Адъютант. Успели сообщить следующее. Еще двенадцатого июня белые подошли на семь-восемь верст к форту. Партколлектив заметил подозрительность поведения коменданта Неклюдова и его свиты.
Буткевич. Свиты?
Адъютант. Так точно. У него на подбор: Гримм, Делль, Брунес. Арнольд…
Буткевич. Что вы хотите сказать?
Адъютант. Русские командиры из иностранных.

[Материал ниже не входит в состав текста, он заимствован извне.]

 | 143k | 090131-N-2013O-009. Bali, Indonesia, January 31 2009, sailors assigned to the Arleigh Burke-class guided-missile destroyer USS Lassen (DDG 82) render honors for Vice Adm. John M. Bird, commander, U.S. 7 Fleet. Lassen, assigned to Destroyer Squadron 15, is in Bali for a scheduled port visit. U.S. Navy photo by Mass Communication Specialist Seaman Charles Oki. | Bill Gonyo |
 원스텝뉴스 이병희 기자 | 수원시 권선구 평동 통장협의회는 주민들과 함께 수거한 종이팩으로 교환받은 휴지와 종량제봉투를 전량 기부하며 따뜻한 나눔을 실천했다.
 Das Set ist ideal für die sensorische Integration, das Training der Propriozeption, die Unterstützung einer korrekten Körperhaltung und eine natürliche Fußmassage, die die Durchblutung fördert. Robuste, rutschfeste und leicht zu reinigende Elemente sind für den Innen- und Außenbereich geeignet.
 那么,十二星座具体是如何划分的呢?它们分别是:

Буткевич. Пустяки. Продолжайте.
Адъютант. Партколлектив устроил собрание. Неклюдов туда послал своего холуя — денщика. Недавно втесался в партию… Обсудило собрание меры. Приняли правильное решение — сместить Неклюдова и всех этих гриммов-арнольдов… Холуй доложил. Неклюдов ночью поднял роту пулеметчиков. Подобрана специально — кулацкое отродье… Неклюдов им и говорит: «Мы окружены белыми. Петроград, Кронштадт сдались, идет английская эскадра. Конец войне. Обезоруживать коммунистов!» — и началось… А пулеметчики там — любимчики Неклюдова. Они коммунистов и забрали.
Буткевич. Дальше!
Адъютант. Дальше шум в трубке, телефонистов взяли за горлянку… Я подул, подул в трубку, кто-то ответил: «Доболтаешься, красная рожа, до петли»…
Буткевич. А вы?
Адъютант. Я, конечно, ответил. Они помолчали, поперхнулись и трубку хлопнули. Разрыв дипломатических отношений.
Буткевич. Ну, идите.
Буткевич. Да!
Рыбалтовский. Точно в двадцать ноль-ноль, как вы просили. Добрый вечер, господин полковник.

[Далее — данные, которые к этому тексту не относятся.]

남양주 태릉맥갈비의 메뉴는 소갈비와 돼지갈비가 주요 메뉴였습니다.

Буткевич. Здравия желаю, господин капитан первого ранга.
Рыбалтовский. Ну-с, ваш первый шаг блестящ. Красная Горка — это просто пилюля! Поздравляю.
Буткевич
Рыбалтовский. Пойдет отлично. Везде ошеломление и растерянность…

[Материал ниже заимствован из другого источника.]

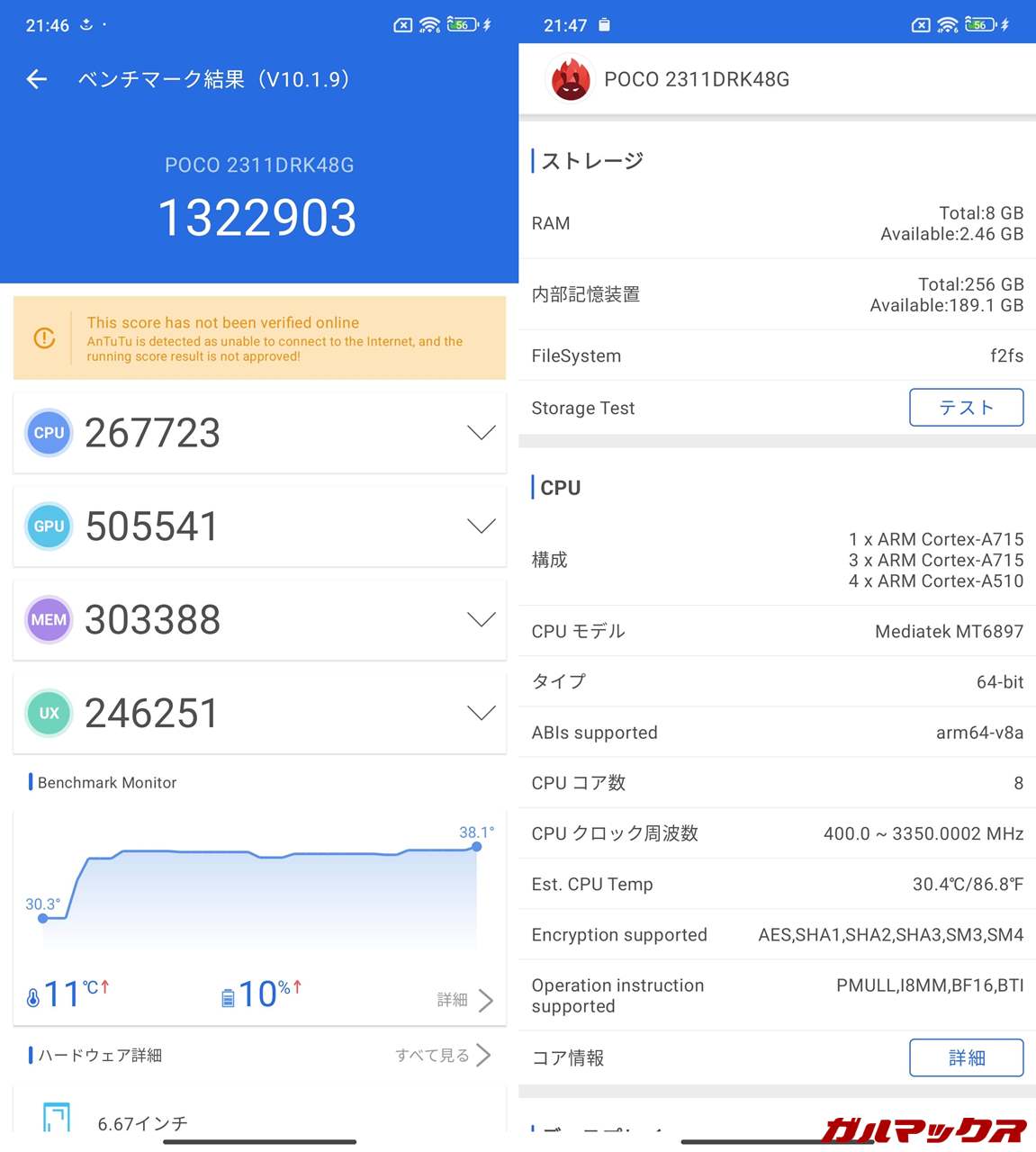 ただ、ちょっと気になったのはAnTuTuスコア。

Буткевич. Не везде, не везде, Александр Аполлонович. Боюсь, что нас возьмут на подозрение.
Рыбалтовский. Не может быть!
Буткевич. Может… Я был вызван к Сталину. Ну, пережил труднейшие минуты. Он заявил, что не удовлетворен моим докладом и что «двойная бухгалтерия в политике к добру не приводит»… Ну, а что у вас?
Рыбалтовский. Мне было приказано открыть огонь линейных кораблей по Красной Горке. Я приказал стрелять из гавани. Это безвредно — недолеты.
Буткевич. Начальник штаба морской базы здесь, на совещании. Передаю трубку… Вас, товарищ Рыбалтовский, из Военного Совета.
Рыбалтовский. Слушаю… Так точно, товарищ член Военного Совета. Как? Линкоры вывести…
Буткевич. Я говорил! Не везде растерянность, дорогой… Ага, забеспокоились, дорогой?..
Рыбалтовский. Весьма неприятное и неожиданное осложнение.
Адъютант. Просит разрешения войти уполномоченный Особого отдела товарищ Шибаев.
Буткевич. Кто?
Адъютант. Уполномоченный Особого отдела Шибаев.
Буткевич. Мы заняты.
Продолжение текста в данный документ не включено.